◆ Dataset content
======

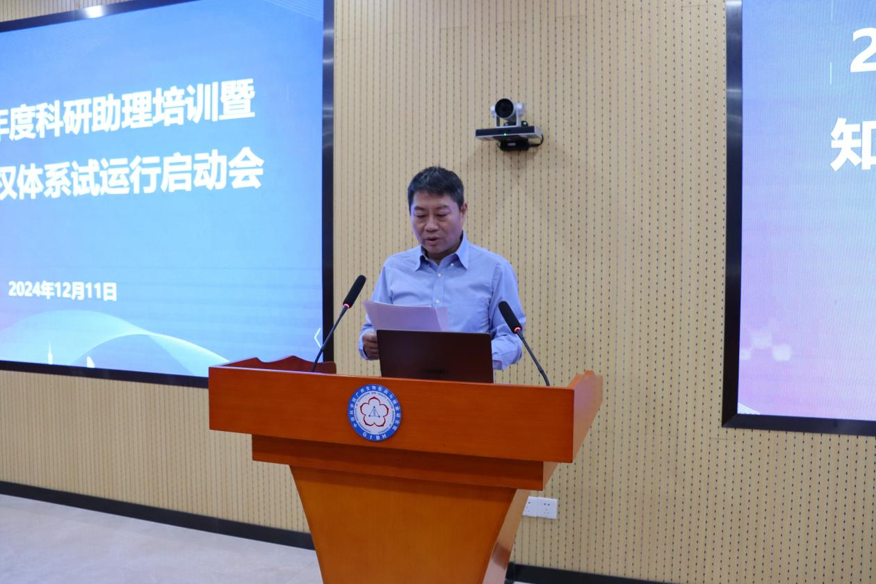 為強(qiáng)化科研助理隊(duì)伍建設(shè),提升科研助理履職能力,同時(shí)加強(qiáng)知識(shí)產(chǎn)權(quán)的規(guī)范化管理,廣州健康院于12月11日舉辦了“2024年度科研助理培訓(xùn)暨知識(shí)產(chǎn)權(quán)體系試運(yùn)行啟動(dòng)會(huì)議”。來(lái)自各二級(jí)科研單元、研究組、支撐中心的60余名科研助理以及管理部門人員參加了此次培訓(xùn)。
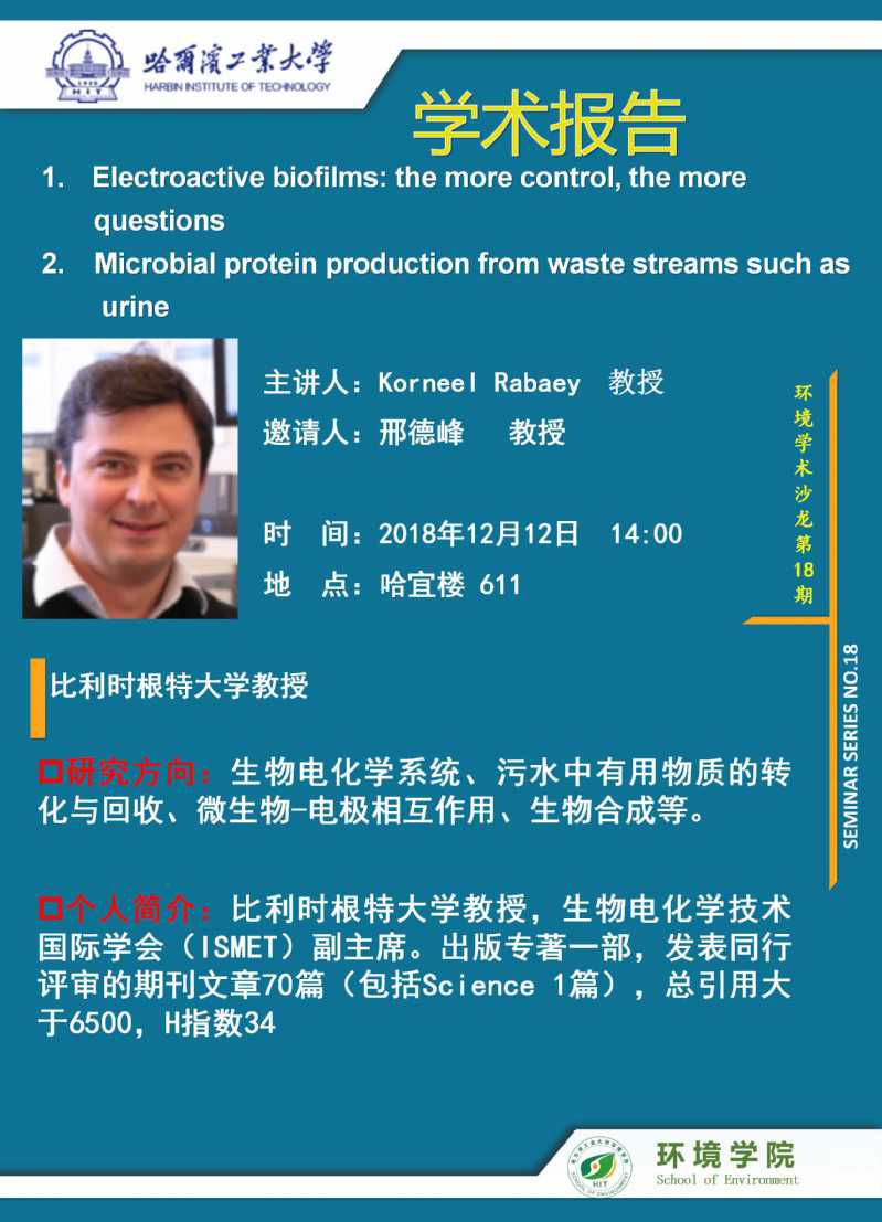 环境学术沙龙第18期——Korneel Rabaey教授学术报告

======

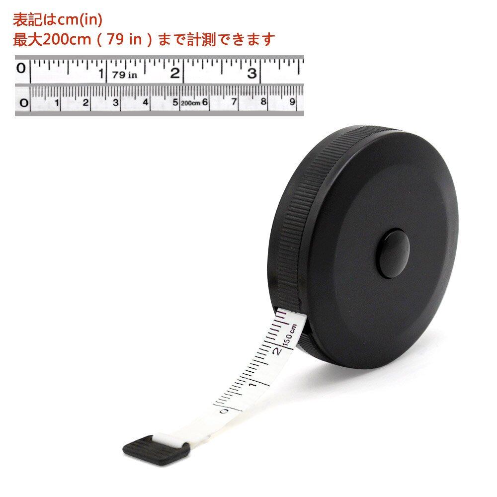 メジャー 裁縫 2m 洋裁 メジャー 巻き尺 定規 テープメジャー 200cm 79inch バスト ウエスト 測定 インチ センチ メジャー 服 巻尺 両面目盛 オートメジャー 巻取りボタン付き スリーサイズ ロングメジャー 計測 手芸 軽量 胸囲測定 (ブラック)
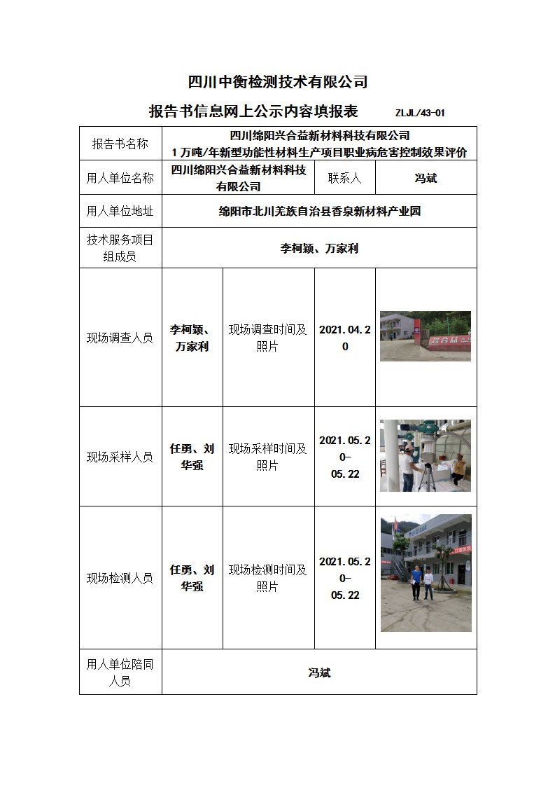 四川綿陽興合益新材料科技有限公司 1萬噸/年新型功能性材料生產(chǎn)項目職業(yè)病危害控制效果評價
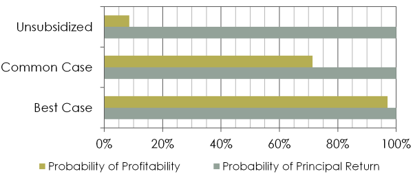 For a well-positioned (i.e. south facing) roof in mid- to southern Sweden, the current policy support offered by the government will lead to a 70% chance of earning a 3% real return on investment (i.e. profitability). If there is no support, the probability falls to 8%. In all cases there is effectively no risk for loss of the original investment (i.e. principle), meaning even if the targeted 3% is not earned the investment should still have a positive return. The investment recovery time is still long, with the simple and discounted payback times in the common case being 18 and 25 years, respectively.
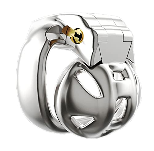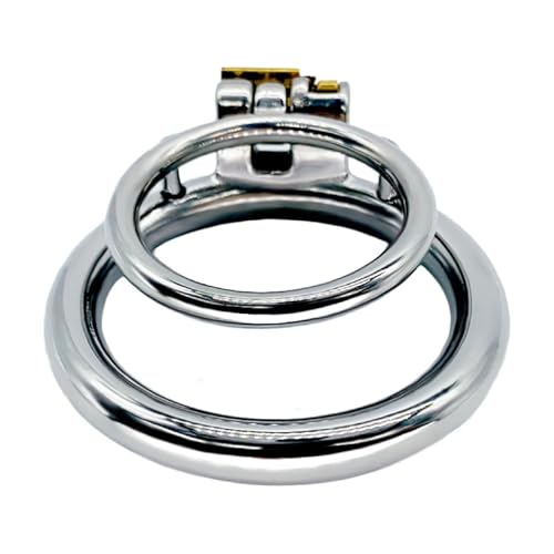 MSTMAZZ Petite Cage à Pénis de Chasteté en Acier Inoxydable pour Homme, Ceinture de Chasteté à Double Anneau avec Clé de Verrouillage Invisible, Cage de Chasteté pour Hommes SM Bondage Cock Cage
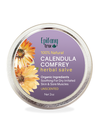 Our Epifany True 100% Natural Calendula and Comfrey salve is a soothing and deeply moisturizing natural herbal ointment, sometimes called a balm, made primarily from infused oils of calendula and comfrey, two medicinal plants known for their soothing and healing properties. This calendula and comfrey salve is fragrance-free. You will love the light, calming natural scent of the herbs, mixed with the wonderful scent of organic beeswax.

======

◆ What you have to do
Your copy should hold the lines from the one with "メジャー 裁縫 2m 洋裁" up to and including the one with "For a well-positioned", exactly as in the data above, and no pictures.

◆ Written answer
 メジャー 裁縫 2m 洋裁 メジャー 巻き尺 定規 テープメジャー 200cm 79inch バスト ウエスト 測定 インチ センチ メジャー 服 巻尺 両面目盛 オートメジャー 巻取りボタン付き スリーサイズ ロングメジャー 計測 手芸 軽量 胸囲測定 (ブラック)
 四川綿陽興合益新材料科技有限公司 1萬噸/年新型功能性材料生產(chǎn)項目職業(yè)病危害控制效果評價
 For a well-positioned (i.e. south facing) roof in mid- to southern Sweden, the current policy support offered by the government will lead to a 70% chance of earning a 3% real return on investment (i.e. profitability). If there is no support, the probability falls to 8%. In all cases there is effectively no risk for loss of the original investment (i.e. principle), meaning even if the targeted 3% is not earned the investment should still have a positive return. The investment recovery time is still long, with the simple and discounted payback times in the common case being 18 and 25 years, respectively.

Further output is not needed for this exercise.